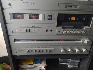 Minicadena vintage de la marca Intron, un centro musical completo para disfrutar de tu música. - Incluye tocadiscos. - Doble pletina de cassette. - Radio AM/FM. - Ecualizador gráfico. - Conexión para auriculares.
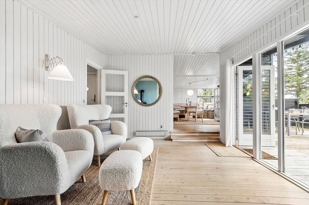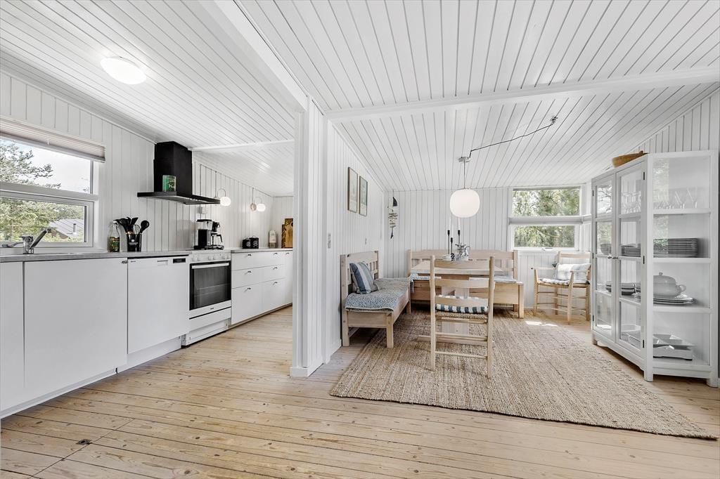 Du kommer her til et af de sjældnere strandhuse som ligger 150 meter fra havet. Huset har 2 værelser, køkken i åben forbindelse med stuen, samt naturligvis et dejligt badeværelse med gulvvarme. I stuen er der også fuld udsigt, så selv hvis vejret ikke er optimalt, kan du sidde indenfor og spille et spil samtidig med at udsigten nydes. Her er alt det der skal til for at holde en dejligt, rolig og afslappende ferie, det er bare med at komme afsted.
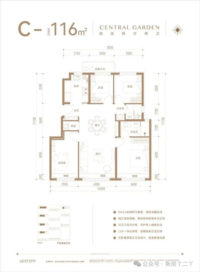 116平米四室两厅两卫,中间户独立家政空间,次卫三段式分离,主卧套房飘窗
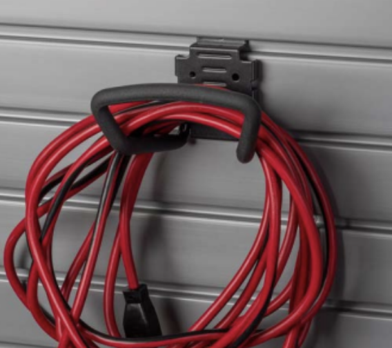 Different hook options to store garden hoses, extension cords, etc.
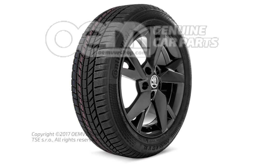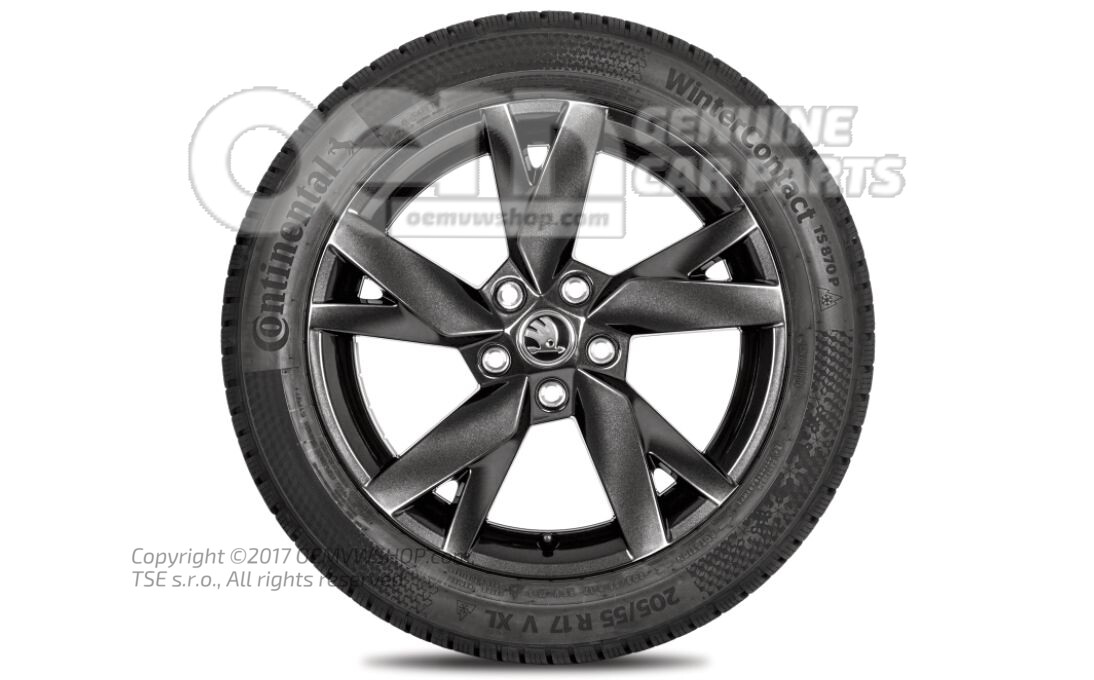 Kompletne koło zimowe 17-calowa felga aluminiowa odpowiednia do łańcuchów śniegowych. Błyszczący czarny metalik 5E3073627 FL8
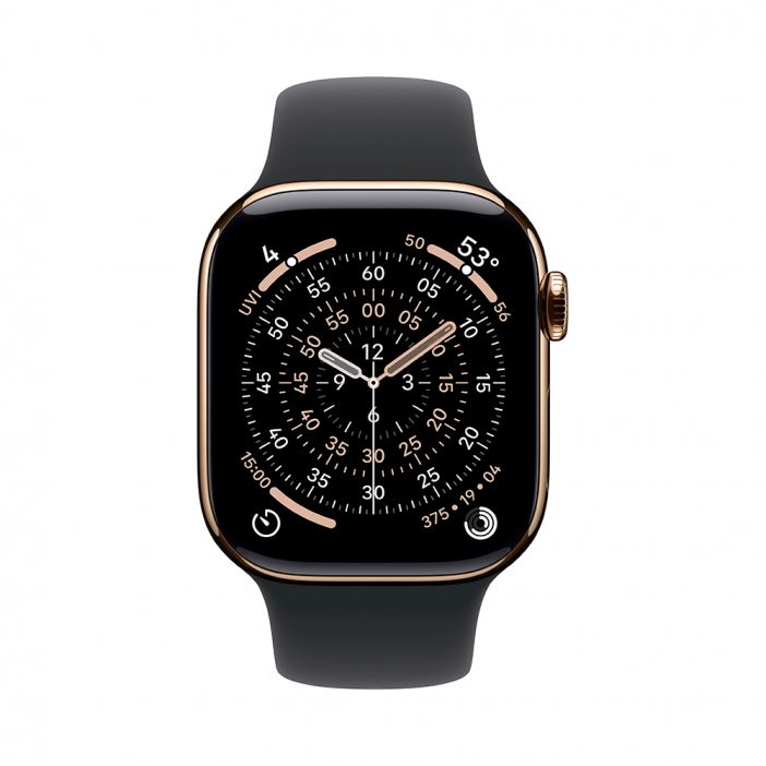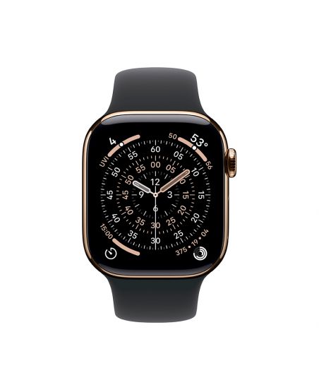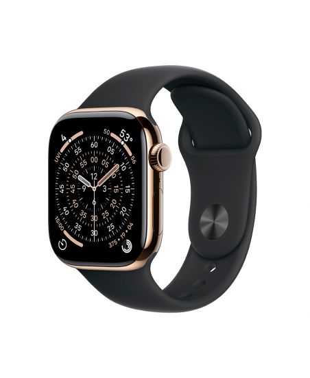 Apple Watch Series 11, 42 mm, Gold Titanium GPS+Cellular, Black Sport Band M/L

·····

• Task details
Repeat every line above exactly, minus the pictures.

• Exercise answer
 Minicadena vintage de la marca Intron, un centro musical completo para disfrutar de tu música. - Incluye tocadiscos. - Doble pletina de cassette. - Radio AM/FM. - Ecualizador gráfico. - Conexión para auriculares.
 Du kommer her til et af de sjældnere strandhuse som ligger 150 meter fra havet. Huset har 2 værelser, køkken i åben forbindelse med stuen, samt naturligvis et dejligt badeværelse med gulvvarme. I stuen er der også fuld udsigt, så selv hvis vejret ikke er optimalt, kan du sidde indenfor og spille et spil samtidig med at udsigten nydes. Her er alt det der skal til for at holde en dejligt, rolig og afslappende ferie, det er bare med at komme afsted.
 116平米四室两厅两卫,中间户独立家政空间,次卫三段式分离,主卧套房飘窗
 Different hook options to store garden hoses, extension cords, etc.
 Kompletne koło zimowe 17-calowa felga aluminiowa odpowiednia do łańcuchów śniegowych. Błyszczący czarny metalik 5E3073627 FL8
 Apple Watch Series 11, 42 mm, Gold Titanium GPS+Cellular, Black Sport Band M/L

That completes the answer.